Prügelei unter Erwachsenen in Lindenberg

Lindenberg/Lindau | enz | Wegen gefährlicher Körperverletzung standen vier Lindenberger vor dem Amtsgericht Lindau. Es ging um zwei Schlägereien unter Paaren, eine auf der Straße und eine in einer Wohnung. Das Verfahren wurde schließlich mit Auflagen eingestellt.

Zuvor hatte die Beweisaufnahme das Tatgeschehen um die Raufereien vernebelt. An der Seite der vier Angeklagten buhlten drei Anwälte darum, ihre jeweiligen Mandanten so unschuldig wie möglich aussehen zu lassen. Ein wenig kurios mutete an, dass sich die Angeklagten weniger als Täter denn als Opfer fühlten. Ein Anwalt trat sogar in Doppelfunktion auf: Als Verteidiger und zugleich als Rechtsbeistand für seine als Nebenklägerin auftretende Mandantin.

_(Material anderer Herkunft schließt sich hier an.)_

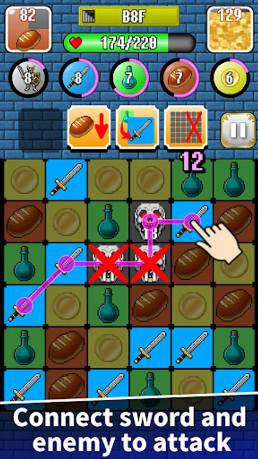 Defeat enemies and advance through dungeons in a simple match-3 puzzle.

Laut Anklage war es spätabends auf einer Straße in Lindenberg wegen eines geliehenen Geldbetrages von 50 Euro zu einem rabiaten Handgemenge zwischen vier Personen (drei Frauen und ein Jugendlicher) gekommen. Hauptleidtragende soll nach Auffassung der Staatsanwaltschaft eine 43-Jährige gewesen sein, die mit Haarschopfziehen den Zorn der drei anderen ausgelöst hatte und dafür verprügelt wurde.

Als die Wehklagende mit Blutergüssen nach Hause kam, eilte der Ehemann ins Nachbarhaus. Mit dabei seine Gemahlin, die der an der Straßenprügelei beteiligten Wohnungsinhaberin ihr Knie in den Bauch stieß. Der Ehemann schlug die Hausherrin und deren jungen Bruder. Letzterer muss sich wegen seiner Beteiligung an den Handgreiflichkeiten auf der Straße jugendgerichtlich verantworten.

Die anderen Streitbeteiligten wurden zum nachbarschaftlichen 'Stelldichein' auf die Anklagebank gebeten, wo sie sich mit wechselseitigen Schuldzuweisungen bedachten. Eine neutrale Tatzeugin konnte wenig zur Aufklärung beitragen. Sie sei als Schlichterin dazwischen gegangen und habe versucht, das unentwirrbar scheinende Knäuel der raufenden Personen zu entknoten.

Dass es Richterin Petra Wagner und Staatsanwalt Vladimir Klokocka gelang, einen unversöhnlich scheinenden Streit unter Nachbarn zu befrieden, freute zu guter Letzt auch die Anwälte.

Selbst die mit einer Geldbuße von jeweils tausend Euro allein zur Kasse gebetenen Eheleute zeigten sich über die Verfahrenseinstellung erleichtert. Nicht von ungefähr, war ihnen neben Körperverletzung auch noch Hausfriedensbruch zur Last gelegt worden, was sich bei einer Verurteilung strafverschärfend ausgewirkt hätte.'Nachträglich gesehen, war es ein Fehler, das Nachbarhaus betreten zu haben', gestand der Ehemann ein. Dessen Frau wies den Vorwurf des Kniestoßes als unwahr zurück.

Die vorsitzende Richterin Petra Wagner erklärte die Nachsicht des Gerichtes mit dem allseitigen Interesse am Rechtsfrieden zwischen Nachbarn und damit, dass die Verletzungen keine bleibenden Schäden hinterlassen hätten.